Снимщиков был скептиком и Микешина нисколько не уважал. Слишком уж часто тот говорил «пожалуйста», «будьте добры», «сделайте одолжение». И пальто Антон Романович носил круглый год одно и то же — «семисезонное», как определил кучер.
Был третий час ночи, луна катилась над городом, над его пыльными площадями, над бывшим Дворянским садом, над бывшим купеческим, над куполами собора и над широкой Унчой. Лаяли, гремели цепями во дворах Косой улицы злые, некормленые псы. Из Заречья несло лесной гарью.
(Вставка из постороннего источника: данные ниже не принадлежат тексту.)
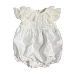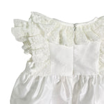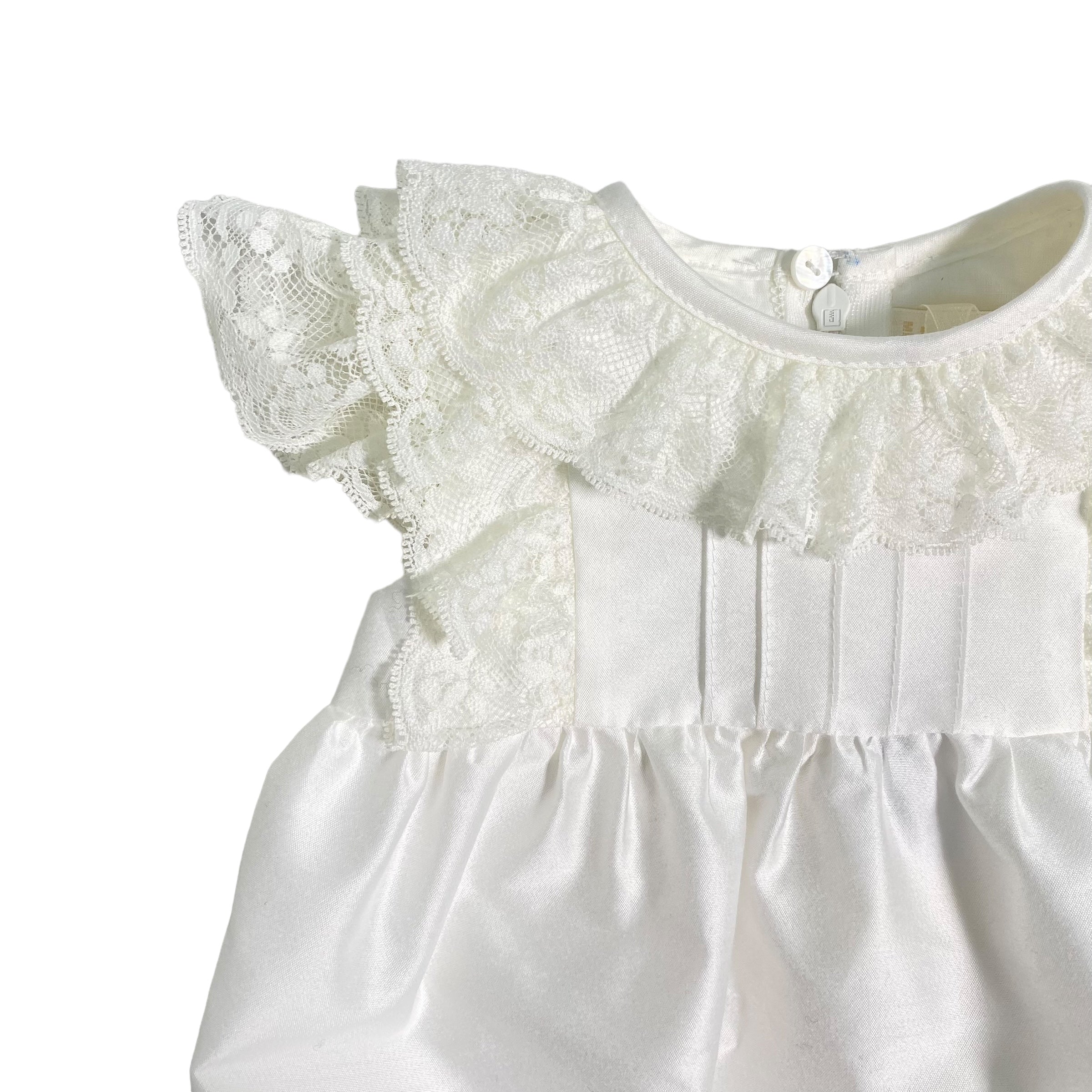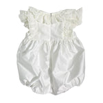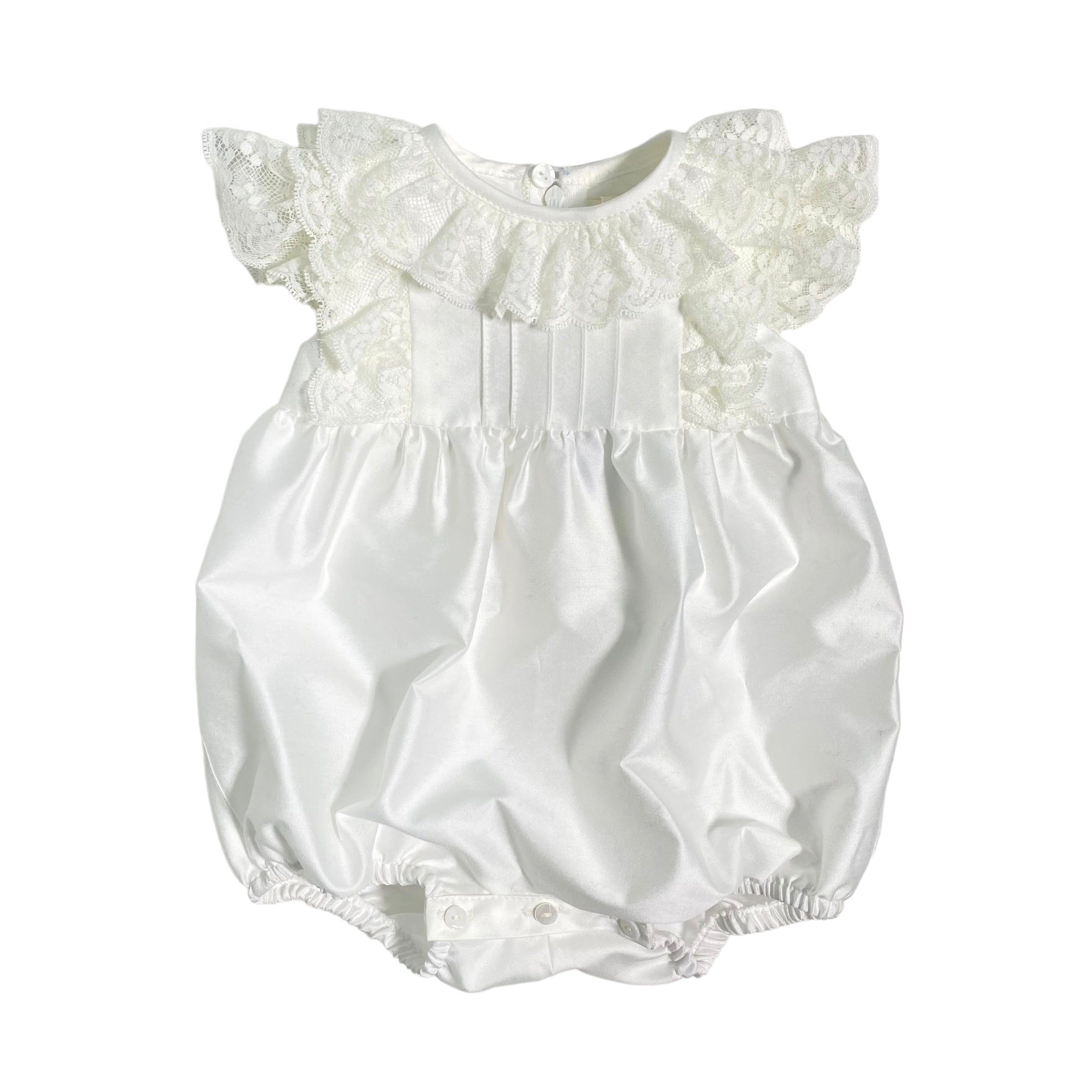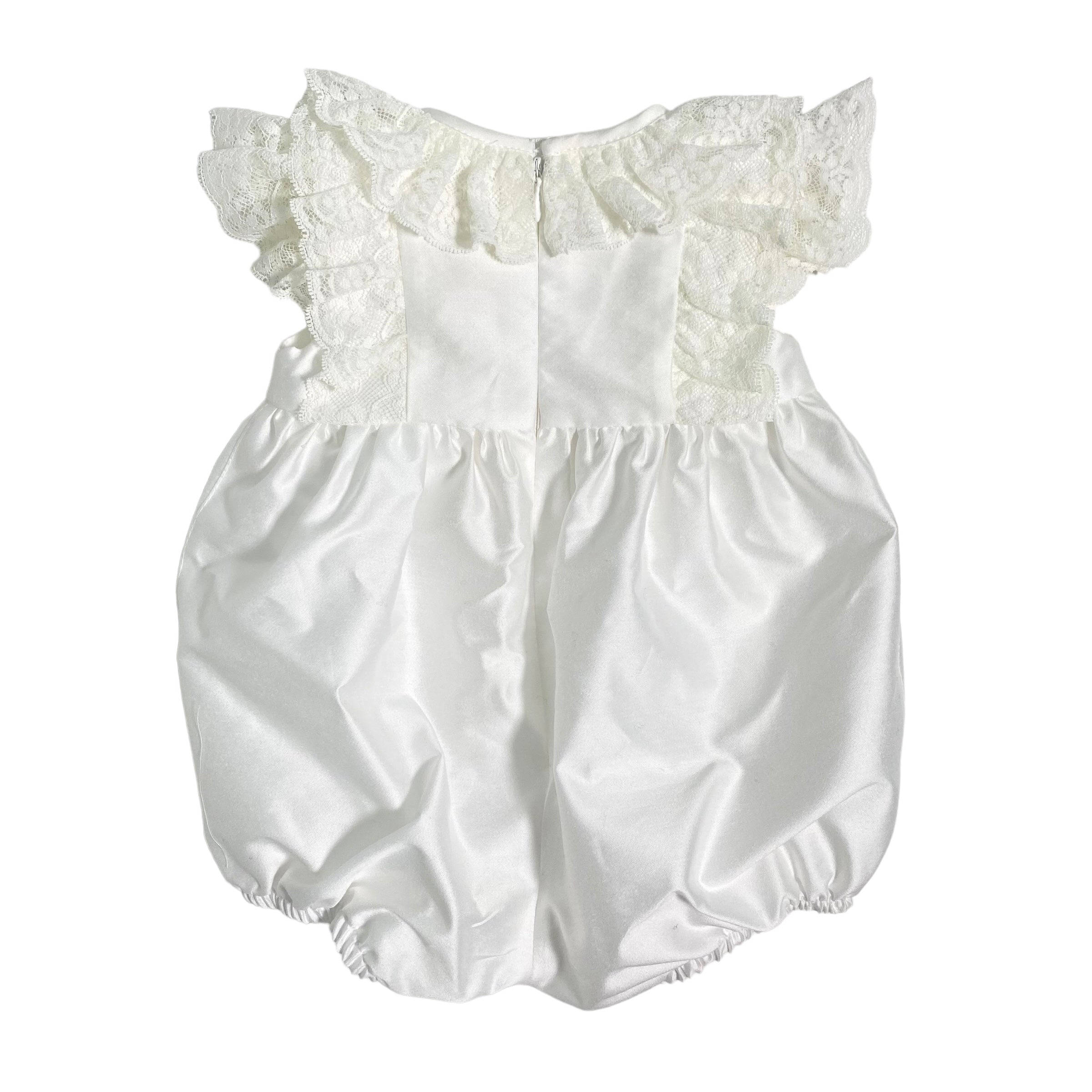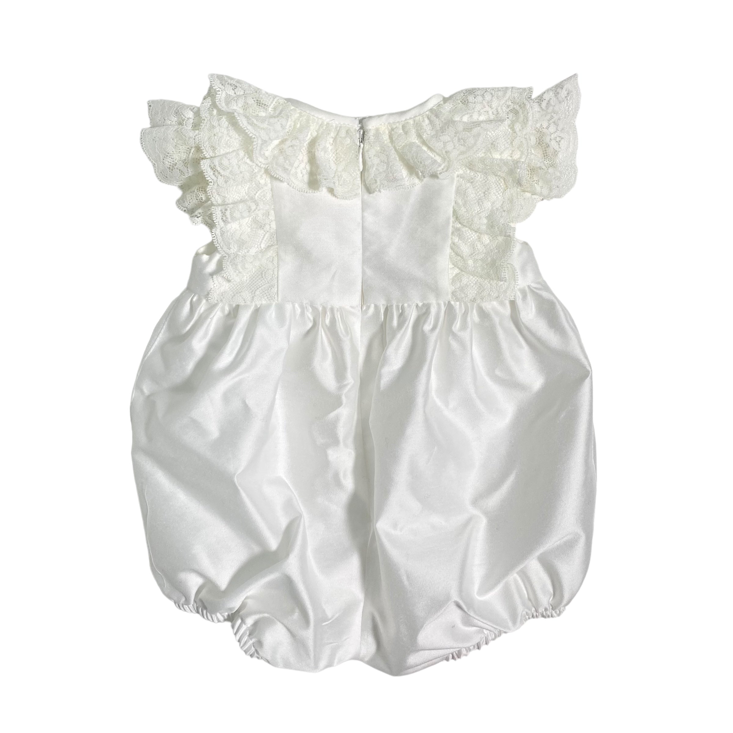 Questo pagliaccetto elegante in shantung di seta è perfetto per le occasioni speciali della tua neonata. Il collo in pizzo aggiunge un tocco di raffinatezza mentre la seta assicura un comfort lussuoso.

Когда подъехали к станции «Скорой помощи», Микешин вылез из кареты, снял белую шапочку, сказал сипловато:
— Благодать-то какая, а, Володя?
— Спасибо вам, Антон Романович, — буркнул Устименко.
— За что?
— За то, что вы… учите меня, что ли.
— Я? Учу? — искренне удивился Микешин.
— Не в том смысле. А вот, например, сегодня… — совсем смешался Володя.
— Ах, сегодня! — грустно произнес Микешин. — Беляков этот, да? Так ведь это фокус-покус, случай элементарнейший.
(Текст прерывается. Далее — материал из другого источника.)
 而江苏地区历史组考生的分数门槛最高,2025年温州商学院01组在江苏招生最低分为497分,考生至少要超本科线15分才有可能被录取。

И в голосе Антона Романовича послышалась Володе знакомая, полунинская нотка — чуть насмешливая, ироническая, немножко усталая.
Перед самым началом занятий в Заречье загорелись лесные склады. Пожар начался под утро, мгновенно, в бараке, в котором спали грузчики, никто вовремя не проснулся. Дул сильный, порывами ветер, нес раскаленные угли, обжигающий пепел; вороные кони Снимщикова храпели, пятились, воротили с дороги в канаву. Пожарные части одна за другой неслись, гремя колоколами, по мосту через Унчу; пожарники в дымящихся брезентовых робах таскали из огня обожженных людей, санитары беглым шагом несли пострадавших дальше, к своим каретам и автомобилям. Когда кончился этот ужасный день, Микешин сказал:
— А ожоги мы и вовсе лечить не умеем.
Глаза у него были воспаленные, белую шапочку он потерял, волосы торчали, словно перья, губы пересохли.
В этот трудный день Володя видел Варвару: она шла по улице Ленина и узнала его — на козлах, чуть подняла даже руку, но помахать не решилась. Слишком уж измученное и строгое было у него лицо.
К началу первого семестра нынешнего года для Володи уже многое осталось позади: и признаки воспаления, которые когда-то заучивались наизусть, как стихи: калор, долор, тумор, рубор эт функциолеза, что означало — жар, боль, припухлость, покраснение, нарушение функций. Позади осталась и уверенность, что понимать сущность предмета не так уж трудно. Позади остались и споры о загадках средневековой медицины и о докторе Парацельсе, который лечил больное сердце человека листьями в форме сердца, а болезни почек — листьями в форме почек. Позади, далеко позади осталась робость перед тяжелой дверью прозекторской, над которой были выбиты слова: «Здесь смерть помогает жизни». Тут Володя чувствовал себя теперь уверенно, почти спокойно, смерть была теперь не таинством, а «курносой гадиной», с которой предстояли тяжкие и повседневные сражения. Но как вести эти бои?